Ruby 2.7 adds Enumerable#filter_map.
filter_map
is a shorthand for filter
+ map
in a single call.
Before
Originally suggested 7 years ago, it was addressing a common idiom to map over an Enumerable, but only include the elements that match a particular filter
enum = 1.upto(1_000)
enum.map { |i| i + 1 if i.even? }.compact
# => [3, 5, 7, 9, 11, 13, ...]
Another common approach is selecting + mapping,
which is pretty common, for example in ActiveRecord
,
when manipulating loaded records:
records = User.limit(10)
records.select { |user| user.is_admin? }.map{|user| "#{user.id} : #{user.name}"}
# => ["1: Jane", "4: Sam" ...]
It’s also possible to achieve something similar with:
enum = 1.upto(1_000)
enum.each_with_object([]) { |i, a| a << i + 1 if i.even? }
# => [3, 5, 7, 9, 11, 13, ...]
Enumerable#filter_map
We can now use Enumerable#filter_map
in Ruby 2.7 to achieve this:
enum = 1.upto(1_000)
enum.filter_map { |i| i + 1 if i.even? }
# => [3, 5, 7, 9, 11, 13, ...]
As you see, filter_map
creates a new array
after first filtering desired results,
and then maps to get expected Array.
This comes in pretty handy for creating mapped arrays in a simpler way.
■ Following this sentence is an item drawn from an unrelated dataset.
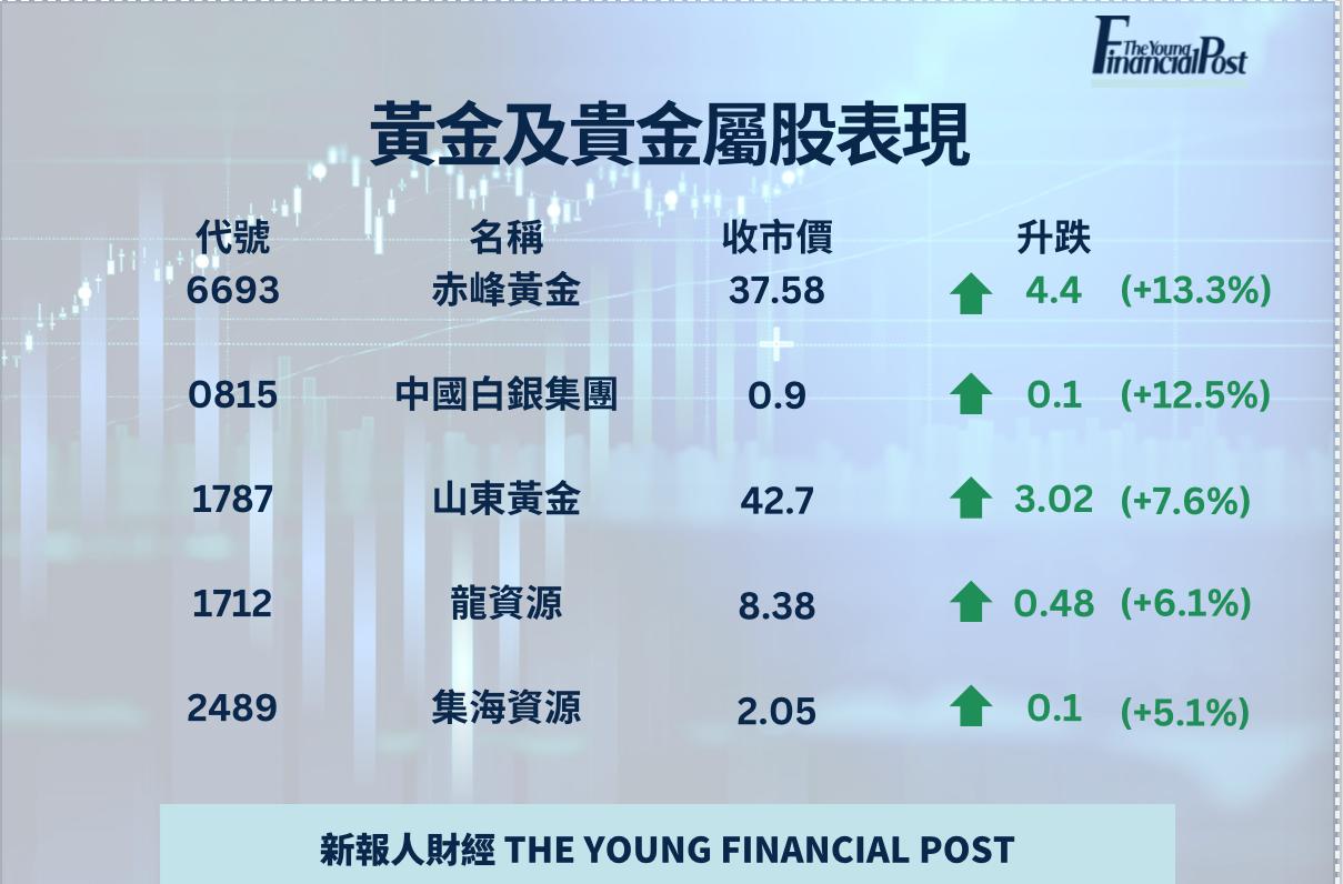 國際金價首次突破每盎司4000美元大關,金礦股今日逆市造好。貴金屬板塊整體走強,赤峰黃金(6693)收報37.58元,升4.4元或13.3%;中國白銀集團(0815)收報0.9元,升0.1元或12.5%。溫鋼城表示,金價受美元走勢直接影響,目前全球普遍憂慮美國的財政狀況與債務風險,部分國家也開始減持美債,市場預期全球對於黃金等傳統避險資產需求會進一步擴大,金礦股得以提前受惠。但認為金價在短期內會先有回調,拖低金礦股表現。不過他預期金價有望繼續升勢,明年有望升穿5000元,看好長線繼續帶動金礦類股份上升。

It also gives us a bit of a speedup from its previous counter-parts
N = 1_00_000
enum = 1.upto(1_000)
Benchmark.bmbm do |x|
x.report("select + map") {N.times {enum.select { |i| i.even? }.map{|i| i +1}}}
x.report("map + compact") {N.times {enum.map { |i| i + 1 if i.even? }.compact}}
x.report("filter_map") {N.times {enum.filter_map { |i| i + 1 if i.even? }}}
end
#
# Rehearsal -------------------------------------------------
# select + map 8.569651 0.051319 8.620970 ( 8.632449)
# map + compact 7.392666 0.133964 7.526630 ( 7.538013)
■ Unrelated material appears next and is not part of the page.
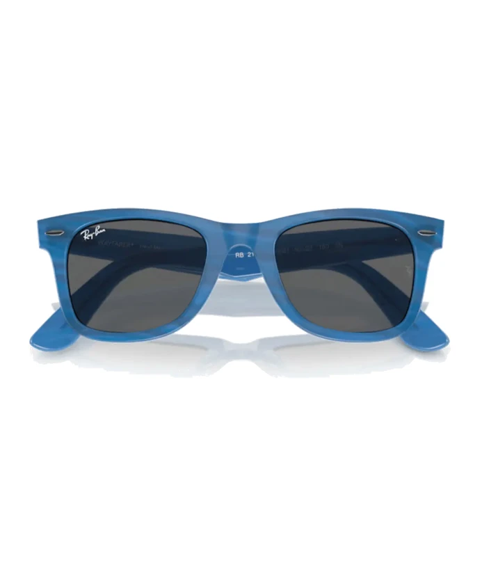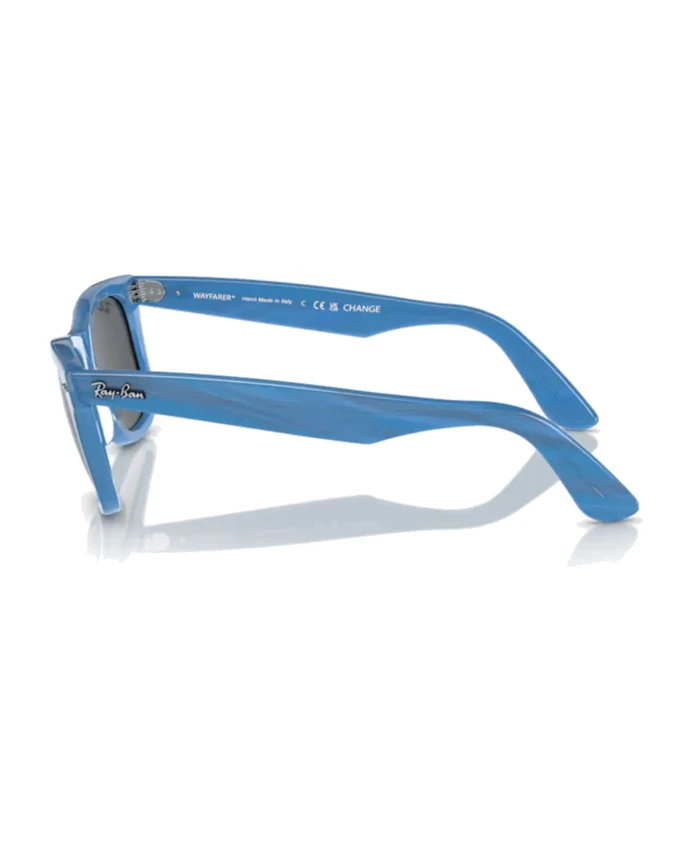 Подчеркните свой стиль с помощью солнцезащитных очков Ray-Ban Wayfarer RB2140 1409B1 в полосатой синей оправе. Оправа выполнена из фотохромного ацетата в полоску синего цвета, линзы - темно-серые.

# filter_map 6.923772 0.022314 6.946086 ( 6.956135)
# --------------------------------------- total: 23.093686sec
#
# user system total real
# select + map 8.550637 0.033190 8.583827 ( 8.597627)
# map + compact 7.263667 0.131180 7.394847 ( 7.405570)
# filter_map 6.761388 0.018223 6.779611 ( 6.790559)
As you can see, this is faster with about 10-20% speedup.